A single Llama 3 70B request at 128K context needs 42 GB of GPU memory just for the KV cache. That leaves almost nothing for model weights on an 80 GB card, and zero room for concurrent users. Before you provision more GPUs, there are five optimization techniques that compound on each other to cut that 42 GB to under 6 GB on the right hardware. For the full VRAM calculation context including model weights and activation memory, see GPU Memory Requirements for LLMs.

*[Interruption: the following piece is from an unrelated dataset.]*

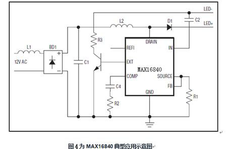 而MAX16840芯片有3個重要引腳功能:FB引腳電壓可檢測輸入電流,并調節(jié)其平均值;而輸入引腳(REFI)用于設置輸入電流值,引腳電壓低于特定門限時,輸入電流與該電壓成正比,電壓超過特定門限時,輸入電流將置于固定的預置水平。據(jù)此利用REFI的非線性特性,連接一個NTC電阻,即可得到熱折返保護;IN引腳具有內部過壓保護,避免內部開關MOSFET在LED串開路或LED串電壓過高時損壞;它帶有一個獨立的EXT引腳,確保低輸入電壓開啟時提供一個觸發(fā)啟動電流,以配合電子變壓器正常工作。EXT驅動外部npn晶體管,一旦IN跌落到5.5V UVLO門限以下,將EXT拉至地電平,外部npn晶體管關斷。其IC采用3mm x 3mm、10引腳、TDFN封裝,-40°C至+125°C工作溫度范圍。圖4為MAX16840典型應用示意圖。它被廣泛應用于MR16及其它12V交流或直流輸入LED照明之中。

Why the KV Cache Dominates Your VRAM Budget

During autoregressive generation, the model stores key and value vectors for every previously generated token so it doesn't recompute them on each new token. These tensors accumulate in the KV cache throughout the lifetime of a request and are only freed when the request completes.

The KV cache grows in five dimensions simultaneously: number of transformer layers, number of KV heads, head dimension, sequence length, and concurrent batch size. At short contexts (under 4K tokens), it's negligible. At long contexts (32K-128K tokens) with real concurrent load, it becomes the dominant memory consumer.

Here's how KV cache memory scales for Llama 3.1 70B at BF16:

Context Length1 Concurrent User8 Concurrent Users
4,096 tokens~1.3 GB~10.7 GB
16,384 tokens~5.4 GB~43 GB
32,768 tokens~10.7 GB~86 GB
131,072 tokens~42.9 GB~343 GB

The model weights for Llama 3.1 70B at FP16 are ~140 GB. At 32K context with 8 concurrent users, the KV cache alone exceeds the weights. At 128K context with 8 users, the KV cache is 2.4x the model size.

The KV Cache Memory Formula

The exact formula for KV cache memory:

KV_bytes = 2 × L × H_kv × D × S × B × bytes_per_element

Where:

  • L = number of transformer layers
  • H_kv = number of key-value heads (after GQA)
  • D = head dimension
  • S = sequence length (tokens)
  • B = concurrent batch size
  • bytes_per_element = 2 for BF16/FP16, 1 for FP8, 0.5 for FP4

Worked examples for three common models:

ModelLayersKV HeadsHead DimKV/token at BF16
Llama 3.1 8B328128~0.131 MB
Llama 3.1 70B808128~0.327 MB
Llama 3.1 405B1268128~0.516 MB

Llama 3 uses Grouped Query Attention (GQA) with 8 KV heads instead of 64 query heads. That 8x reduction in KV heads cuts KV cache size by 8x vs standard multi-head attention (MHA). A comparable MHA model would need ~2.6 MB per token at BF16 for 70B scale.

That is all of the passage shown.